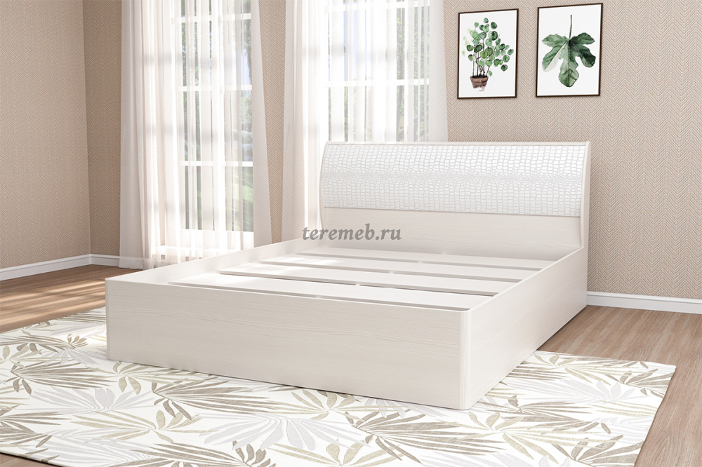 Головная спинка отделана высокачественной экокожей с тиснением под рептилию и погонажным рамочным профилем из МДФ, покрытого финиш-плёнкой, что придаёт необычность и оригинальный внешний вид этой модели.
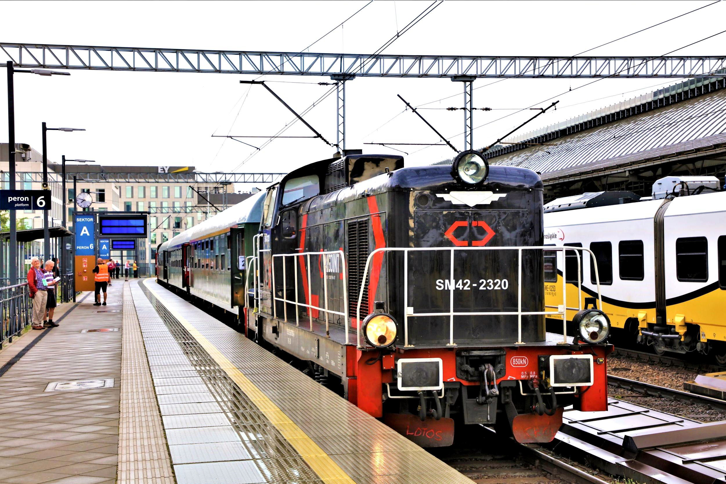 Day 2, a wet morning at Wrocław Główny P6 as our tour waits to leave.
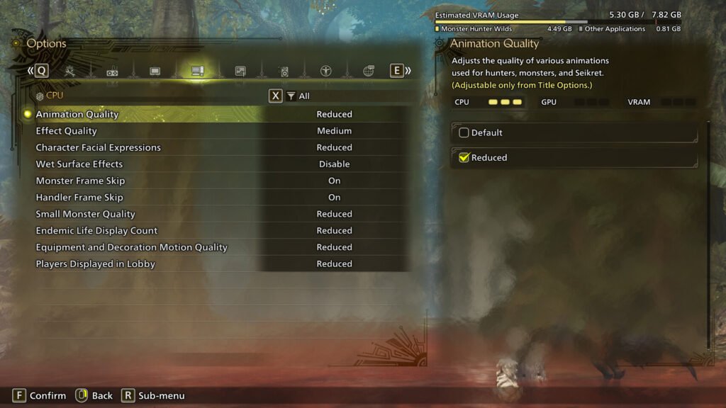 A new CPU tab will be added to the Options menu, allowing players to adjust settings such as Endemic Life display count, the number of players shown in lobbies, small monster quality, effect quality, and animation quality. These options are intended to give players more control over CPU usage.

# # # #

## Assignment
Copy out the listing above in full and leave out its pictures.

## Response to the exercise
 Головная спинка отделана высокачественной экокожей с тиснением под рептилию и погонажным рамочным профилем из МДФ, покрытого финиш-плёнкой, что придаёт необычность и оригинальный внешний вид этой модели.
 Day 2, a wet morning at Wrocław Główny P6 as our tour waits to leave.
 A new CPU tab will be added to the Options menu, allowing players to adjust settings such as Endemic Life display count, the number of players shown in lobbies, small monster quality, effect quality, and animation quality. These options are intended to give players more control over CPU usage.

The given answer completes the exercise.